_Exercise instructions_. To complete this task, print all the data below exactly but leave out the images.

_Recorded data_.
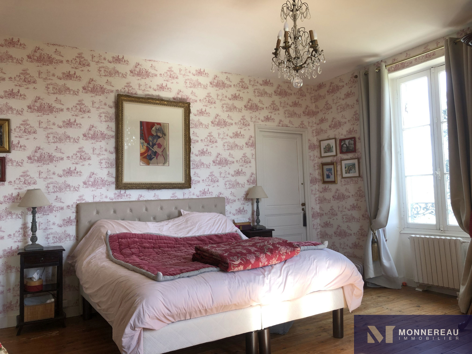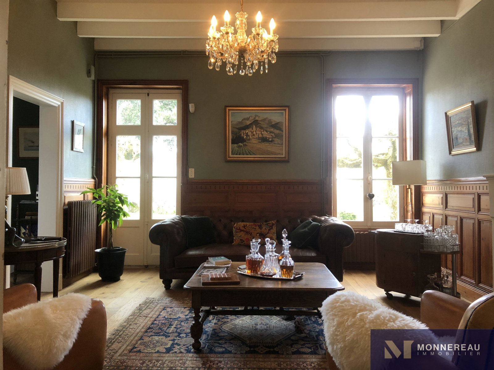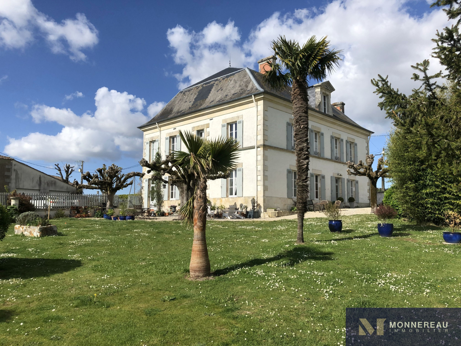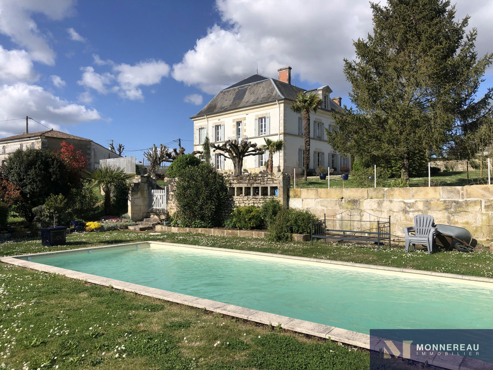 Proche de MORTAGNE SUR GIRONDE (17) - En position dominante, cette belle demeure bourgeoise profite d'une vue dégagée sur l'estuaire qui se trouve à moins de 5kms. Edifiée dans un hameau, sur un terrain en partie clos de 4863m², elle offre un environnement au calme sans être isolé. La bâtisse a été rénovée avec soin et respect sur 285 m² habitables. Elle est très élégante, sobre. Le choix des matières, les tons pastels, les hauteurs sous plafond la rendent plus qu'agréable. Hall d'entrée sur dégagement escalier avec sol d'origine en ciment peint. Grande cuisine récente, moderne et très accueillante. Salle à manger avec cheminée. Salon avec cheminée et boiseries très cosy. Bureau et chambre d'hôtes avec salle d'eau. L'étage dispose de 5 autres chambres dont une suite avec salle de bains, une avec dressing et sanitaires. Autres salle de bains et salle d'eau. Le fantastique volume du grenier sous charpente offre un potentiel pour ceux qui auraient besoin de plus d'espace. Le jardin entouré de clôture en ganivelle est charmant. A l'écart et avec un accès indépendant, un ravissant gîte de 48 m² habitables a été récemmment aménagé. Là aussi la sobriété et l'authenticité sont ses point forts. Le mariage des terres cuites au sol, des murs en pierre et des couleurs douces confère au lieu une atmosphère inimitable. Un magnifique chêne vert, impressionnant par sa taille, abrite une terrasse en bois intime. L'espace paysager avec piscine en contre bas, bien exposé, est idéalement situé. Il se prolonge par une partie plus naturelle avec un ancien forage. A l'entrée de la propriété, une ancienne maison saintongeaise de deux pièces à réhabiliter et trois garages complétent cet ensemble remarquable.
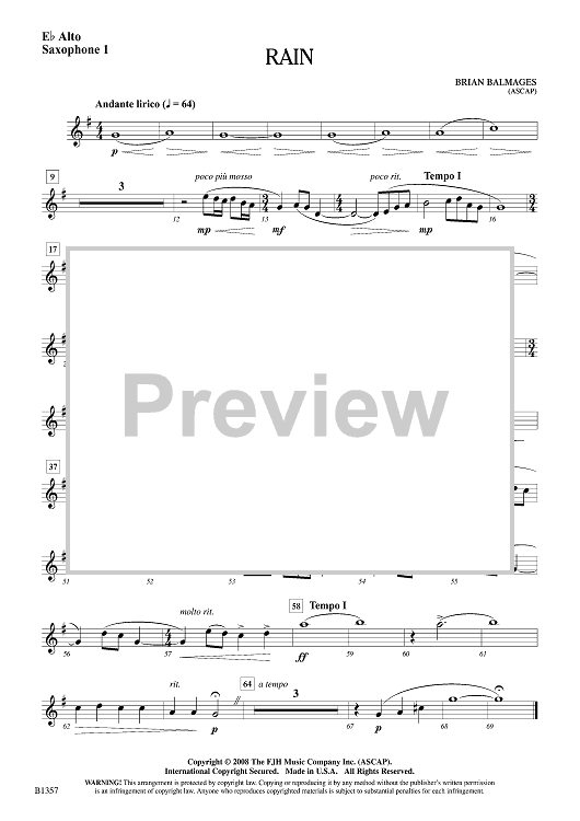 "Rain - Eb Alto Sax 1" Sheet Music by Brian Balmages
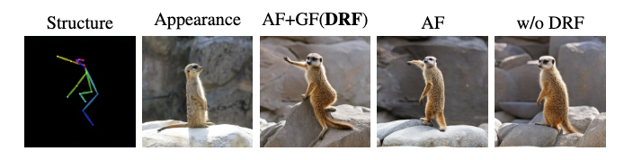 여기서 저자는 $I^a$와 $I^s$의 클래스가 다르다면 단순히 appearace와 structure를 나누는것만으로는 $I^g$에 두 특징을 반영하기 어렵다고 하고 있다. 위 사진에서 제일 오른쪽 사진을 보면 두 정보가 재대로 반영되지 않는 것을 볼 수 있다. 그래서 저자는 이걸 해결하기 위해 $z^g$가 생성될때동안 score guidance를 활용하는 Dual Recursive Feedback을 제안한다.
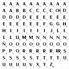Los acentos prosódicos son ignorados. Las letras K y W no están ya que se usan muy poco en palabras en español. De acuerdo a las reglas de la FISE (Federación Internacional de Scrabble en Español), una ficha en blanco no puede ser usada para representar K o W.
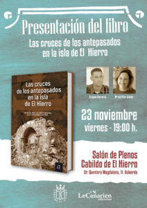 PRESENTACIÓN DEL LIBRO «LAS CRUCES DE LOS ANTEPASADOS EN LA ISLA DE EL HIERRO» De Joaquín Carreras Navarro y María del Pilar Galván Hernández Lugar: Salón de Plenos del Cabildo de El Hierro Fecha: Viernes, 23 de noviembre de 2018 Hora: A las 19:00 horas. «La isla de El Hierro y sus gentes son singulares por varios motivos. Unos conocidos y fomentados mediáticamente. Otros no tanto. Entre estos últimos, figura una antigua práctica local consistente en colocar en un pequeño nicho aledaño a cada vivienda, una cruz por cada persona fallecida en ese hogar. Hechas en madera y posteriormente también en mármol, se colocaban en memoria de cada familiar difunto. El nicho podía contener desde una simple unidad hasta superar ampliamente la decena de cruces, todas de pequeño tamaño y claramente visibles de cara al exterior y al resto de la comunidad. Tras dicha práctica subyace la antigua creencia en las ánimas y su cotidiana relación e interacción con ellas por parte de la vecindad, asi como una forma de afrontar y concebir la muerte totalmente diferente a la actual. Con los cambios en el devenir social , y por ende las creencias , tal práctica ha dejado de realizarse. Pero se mantiene el vestigio material como recuerdo de una antigua forma de concebir la existencia. Lo más curioso e interesante es que tales cruces son exclusivas de esta pequeña isla. sin parangón ni referente en otros lugares. Son algo único, peculiar y propio. Con todo lo que ello supone». Organiza: Área de Cultura del Cabildo de El Hierro. Para acceder al cartel puede hacerlo a través de los siguientes enlaces: (para descargar el cartel correspondiente acceder al enlace y pulsar opción DESCARGAR CON EL NAVEGADOR) https://mega.nz/#!7wMlkIaY!L-NviGx3EmmcgvDbn4AEgNqGIp7YP5RVdtUMpBJvkIk AGRADECEMOS LA DIFUSIÓN DE LA INFORMACIÓN RECOGIDA EN ESTE EMAIL, ENTRE AQUELLAS PERSONAS QUE PUEDAN ESTAR INTERESADAS. PARA MÁS INFORMACIÓN PUEDES CONTACTAR CON EL ÁREA DE CULTURA EN EL TLFNO. 922 55 40 11 Y EN LA PÁGINA WEB: www.elhierro.es Y EN EL FACEBOOK: www.facebook.com/cultura.cabildoelhierro
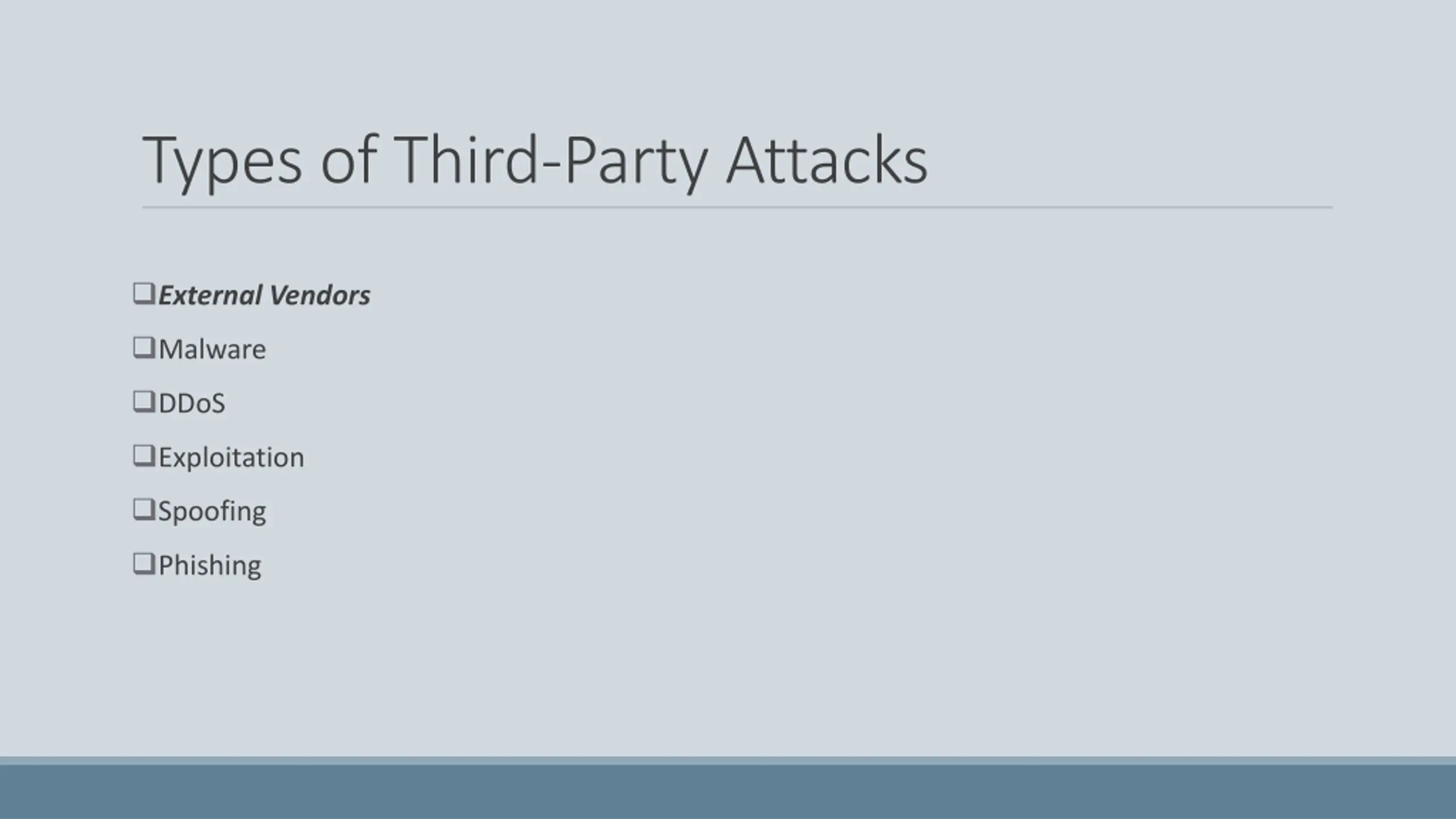 Types of Third-Party Attacks External Vendors Malware DDoS Exploitation Spoofing Phishing

_Answer space_.
 Proche de MORTAGNE SUR GIRONDE (17) - En position dominante, cette belle demeure bourgeoise profite d'une vue dégagée sur l'estuaire qui se trouve à moins de 5kms. Edifiée dans un hameau, sur un terrain en partie clos de 4863m², elle offre un environnement au calme sans être isolé. La bâtisse a été rénovée avec soin et respect sur 285 m² habitables. Elle est très élégante, sobre. Le choix des matières, les tons pastels, les hauteurs sous plafond la rendent plus qu'agréable. Hall d'entrée sur dégagement escalier avec sol d'origine en ciment peint. Grande cuisine récente, moderne et très accueillante. Salle à manger avec cheminée. Salon avec cheminée et boiseries très cosy. Bureau et chambre d'hôtes avec salle d'eau. L'étage dispose de 5 autres chambres dont une suite avec salle de bains, une avec dressing et sanitaires. Autres salle de bains et salle d'eau. Le fantastique volume du grenier sous charpente offre un potentiel pour ceux qui auraient besoin de plus d'espace. Le jardin entouré de clôture en ganivelle est charmant. A l'écart et avec un accès indépendant, un ravissant gîte de 48 m² habitables a été récemmment aménagé. Là aussi la sobriété et l'authenticité sont ses point forts. Le mariage des terres cuites au sol, des murs en pierre et des couleurs douces confère au lieu une atmosphère inimitable. Un magnifique chêne vert, impressionnant par sa taille, abrite une terrasse en bois intime. L'espace paysager avec piscine en contre bas, bien exposé, est idéalement situé. Il se prolonge par une partie plus naturelle avec un ancien forage. A l'entrée de la propriété, une ancienne maison saintongeaise de deux pièces à réhabiliter et trois garages complétent cet ensemble remarquable.
 "Rain - Eb Alto Sax 1" Sheet Music by Brian Balmages
 여기서 저자는 $I^a$와 $I^s$의 클래스가 다르다면 단순히 appearace와 structure를 나누는것만으로는 $I^g$에 두 특징을 반영하기 어렵다고 하고 있다. 위 사진에서 제일 오른쪽 사진을 보면 두 정보가 재대로 반영되지 않는 것을 볼 수 있다. 그래서 저자는 이걸 해결하기 위해 $z^g$가 생성될때동안 score guidance를 활용하는 Dual Recursive Feedback을 제안한다.
Los acentos prosódicos son ignorados. Las letras K y W no están ya que se usan muy poco en palabras en español. De acuerdo a las reglas de la FISE (Federación Internacional de Scrabble en Español), una ficha en blanco no puede ser usada para representar K o W.
 PRESENTACIÓN DEL LIBRO «LAS CRUCES DE LOS ANTEPASADOS EN LA ISLA DE EL HIERRO» De Joaquín Carreras Navarro y María del Pilar Galván Hernández Lugar: Salón de Plenos del Cabildo de El Hierro Fecha: Viernes, 23 de noviembre de 2018 Hora: A las 19:00 horas. «La isla de El Hierro y sus gentes son singulares por varios motivos. Unos conocidos y fomentados mediáticamente. Otros no tanto. Entre estos últimos, figura una antigua práctica local consistente en colocar en un pequeño nicho aledaño a cada vivienda, una cruz por cada persona fallecida en ese hogar. Hechas en madera y posteriormente también en mármol, se colocaban en memoria de cada familiar difunto. El nicho podía contener desde una simple unidad hasta superar ampliamente la decena de cruces, todas de pequeño tamaño y claramente visibles de cara al exterior y al resto de la comunidad. Tras dicha práctica subyace la antigua creencia en las ánimas y su cotidiana relación e interacción con ellas por parte de la vecindad, asi como una forma de afrontar y concebir la muerte totalmente diferente a la actual. Con los cambios en el devenir social , y por ende las creencias , tal práctica ha dejado de realizarse. Pero se mantiene el vestigio material como recuerdo de una antigua forma de concebir la existencia. Lo más curioso e interesante es que tales cruces son exclusivas de esta pequeña isla. sin parangón ni referente en otros lugares. Son algo único, peculiar y propio. Con todo lo que ello supone». Organiza: Área de Cultura del Cabildo de El Hierro. Para acceder al cartel puede hacerlo a través de los siguientes enlaces: (para descargar el cartel correspondiente acceder al enlace y pulsar opción DESCARGAR CON EL NAVEGADOR) https://mega.nz/#!7wMlkIaY!L-NviGx3EmmcgvDbn4AEgNqGIp7YP5RVdtUMpBJvkIk AGRADECEMOS LA DIFUSIÓN DE LA INFORMACIÓN RECOGIDA EN ESTE EMAIL, ENTRE AQUELLAS PERSONAS QUE PUEDAN ESTAR INTERESADAS. PARA MÁS INFORMACIÓN PUEDES CONTACTAR CON EL ÁREA DE CULTURA EN EL TLFNO. 922 55 40 11 Y EN LA PÁGINA WEB: www.elhierro.es Y EN EL FACEBOOK: www.facebook.com/cultura.cabildoelhierro
 Types of Third-Party Attacks External Vendors Malware DDoS Exploitation Spoofing Phishing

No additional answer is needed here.